### Dataset records:
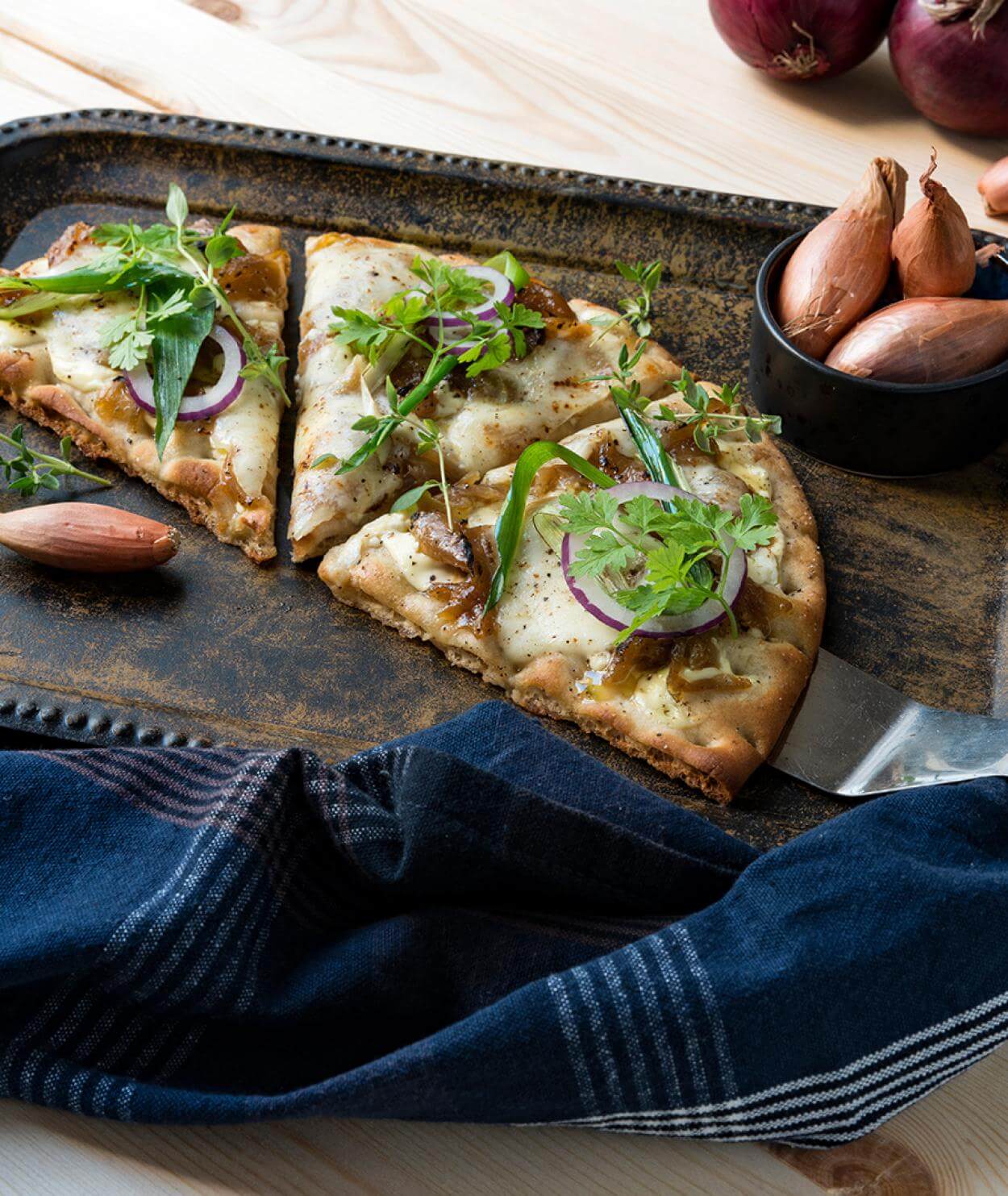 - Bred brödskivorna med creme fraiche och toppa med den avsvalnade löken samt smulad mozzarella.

--

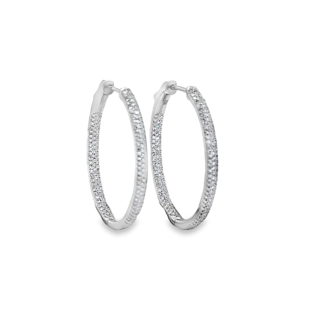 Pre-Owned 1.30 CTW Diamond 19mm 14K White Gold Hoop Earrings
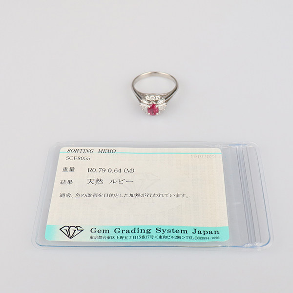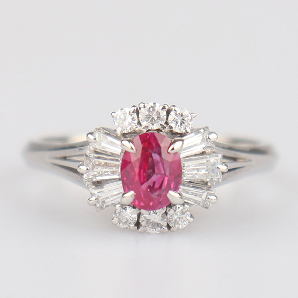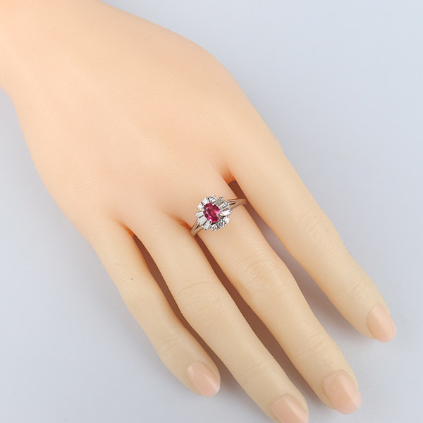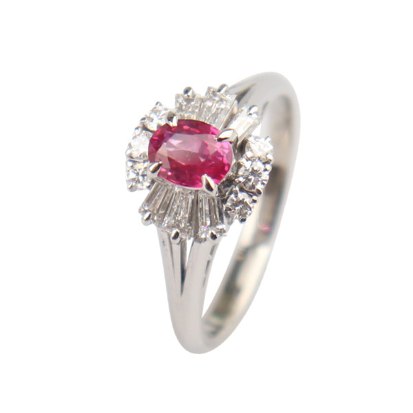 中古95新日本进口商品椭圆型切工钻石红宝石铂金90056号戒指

### Task prompt:
Please copy the lines above exactly, starting at the line that holds "Pre-Owned 1.30 CTW" and ending at the line that holds "中古95新日本进口商品椭圆型切工钻石红宝石铂金90056号戒指"; include both, but no pictures.

### Response area:
 Pre-Owned 1.30 CTW Diamond 19mm 14K White Gold Hoop Earrings
 中古95新日本进口商品椭圆型切工钻石红宝石铂金90056号戒指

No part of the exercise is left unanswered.